═══ Task material ═══
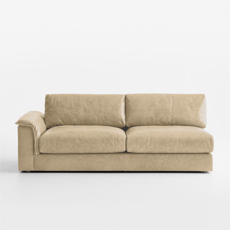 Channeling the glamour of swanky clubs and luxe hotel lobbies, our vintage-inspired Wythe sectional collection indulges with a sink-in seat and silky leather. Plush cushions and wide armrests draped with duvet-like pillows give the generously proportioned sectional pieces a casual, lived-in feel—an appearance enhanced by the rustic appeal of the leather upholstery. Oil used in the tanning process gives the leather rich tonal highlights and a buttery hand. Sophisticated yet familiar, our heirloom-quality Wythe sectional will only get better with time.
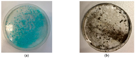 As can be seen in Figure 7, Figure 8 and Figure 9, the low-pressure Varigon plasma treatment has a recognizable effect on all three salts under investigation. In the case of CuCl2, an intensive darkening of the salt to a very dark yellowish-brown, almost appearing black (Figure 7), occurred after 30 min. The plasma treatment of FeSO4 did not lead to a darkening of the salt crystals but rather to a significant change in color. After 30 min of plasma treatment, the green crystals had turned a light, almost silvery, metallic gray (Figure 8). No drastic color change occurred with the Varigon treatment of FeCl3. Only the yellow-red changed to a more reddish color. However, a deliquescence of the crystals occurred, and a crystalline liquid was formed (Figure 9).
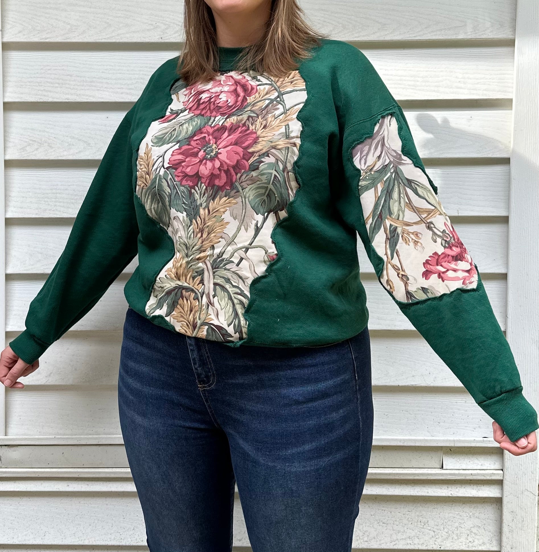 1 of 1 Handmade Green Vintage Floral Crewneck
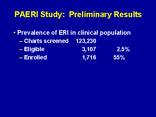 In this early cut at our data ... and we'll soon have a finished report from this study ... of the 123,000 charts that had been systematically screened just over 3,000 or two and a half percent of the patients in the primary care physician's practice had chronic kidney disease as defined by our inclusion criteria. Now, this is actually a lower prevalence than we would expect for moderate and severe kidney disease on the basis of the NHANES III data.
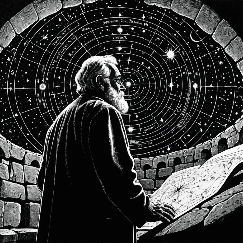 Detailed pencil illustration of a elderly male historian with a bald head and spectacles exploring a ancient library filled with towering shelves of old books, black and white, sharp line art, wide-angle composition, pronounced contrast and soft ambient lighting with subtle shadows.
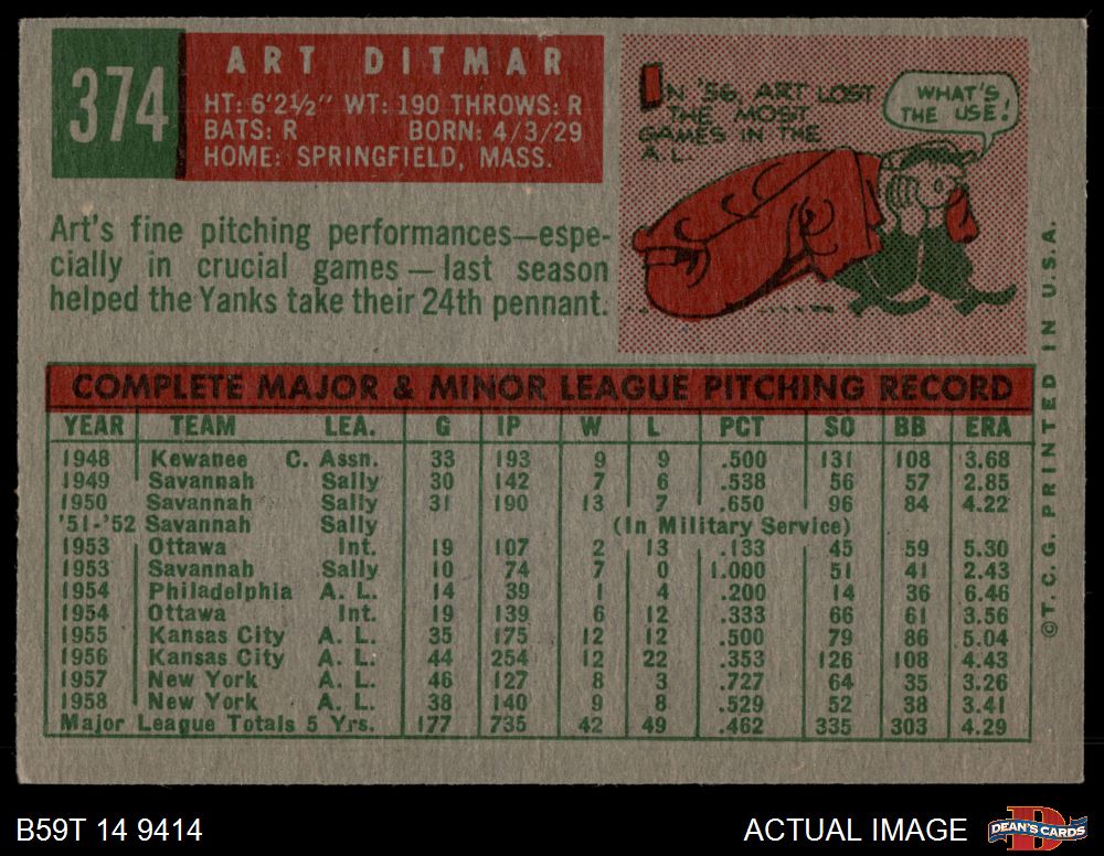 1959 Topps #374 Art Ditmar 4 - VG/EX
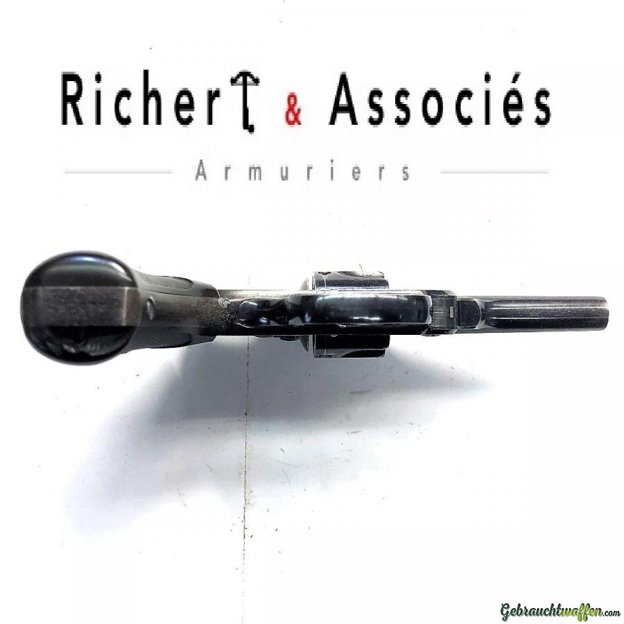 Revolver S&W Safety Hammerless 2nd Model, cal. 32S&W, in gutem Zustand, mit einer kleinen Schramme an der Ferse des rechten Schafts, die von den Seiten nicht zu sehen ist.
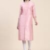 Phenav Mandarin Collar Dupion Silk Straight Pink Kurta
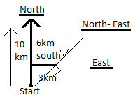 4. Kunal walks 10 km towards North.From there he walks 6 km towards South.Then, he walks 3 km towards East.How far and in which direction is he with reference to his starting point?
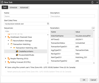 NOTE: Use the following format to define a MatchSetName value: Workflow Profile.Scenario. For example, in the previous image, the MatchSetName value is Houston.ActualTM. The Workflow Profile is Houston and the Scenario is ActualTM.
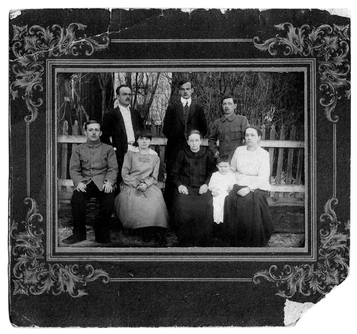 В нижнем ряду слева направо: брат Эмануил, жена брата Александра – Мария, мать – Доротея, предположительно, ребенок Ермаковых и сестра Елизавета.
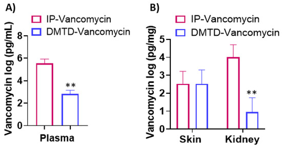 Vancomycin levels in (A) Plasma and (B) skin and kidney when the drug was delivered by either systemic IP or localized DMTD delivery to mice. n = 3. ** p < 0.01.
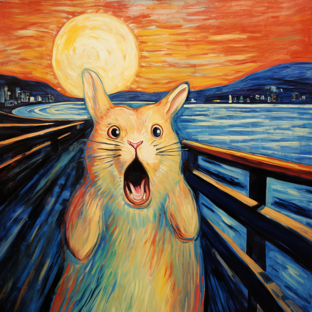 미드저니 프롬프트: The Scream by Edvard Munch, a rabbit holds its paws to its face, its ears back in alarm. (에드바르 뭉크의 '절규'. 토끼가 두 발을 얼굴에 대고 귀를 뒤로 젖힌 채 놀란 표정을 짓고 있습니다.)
═══
### Requirement
Looking at the listing above, which lines run from the one containing "1959 Topps #374 Art Ditmar 4 - VG/EX" through the one containing "Phenav Mandarin Collar"? Print exactly those, ends included, pictures excluded.

### Solved exercise
 1959 Topps #374 Art Ditmar 4 - VG/EX
 Revolver S&W Safety Hammerless 2nd Model, cal. 32S&W, in gutem Zustand, mit einer kleinen Schramme an der Ferse des rechten Schafts, die von den Seiten nicht zu sehen ist.
 Phenav Mandarin Collar Dupion Silk Straight Pink Kurta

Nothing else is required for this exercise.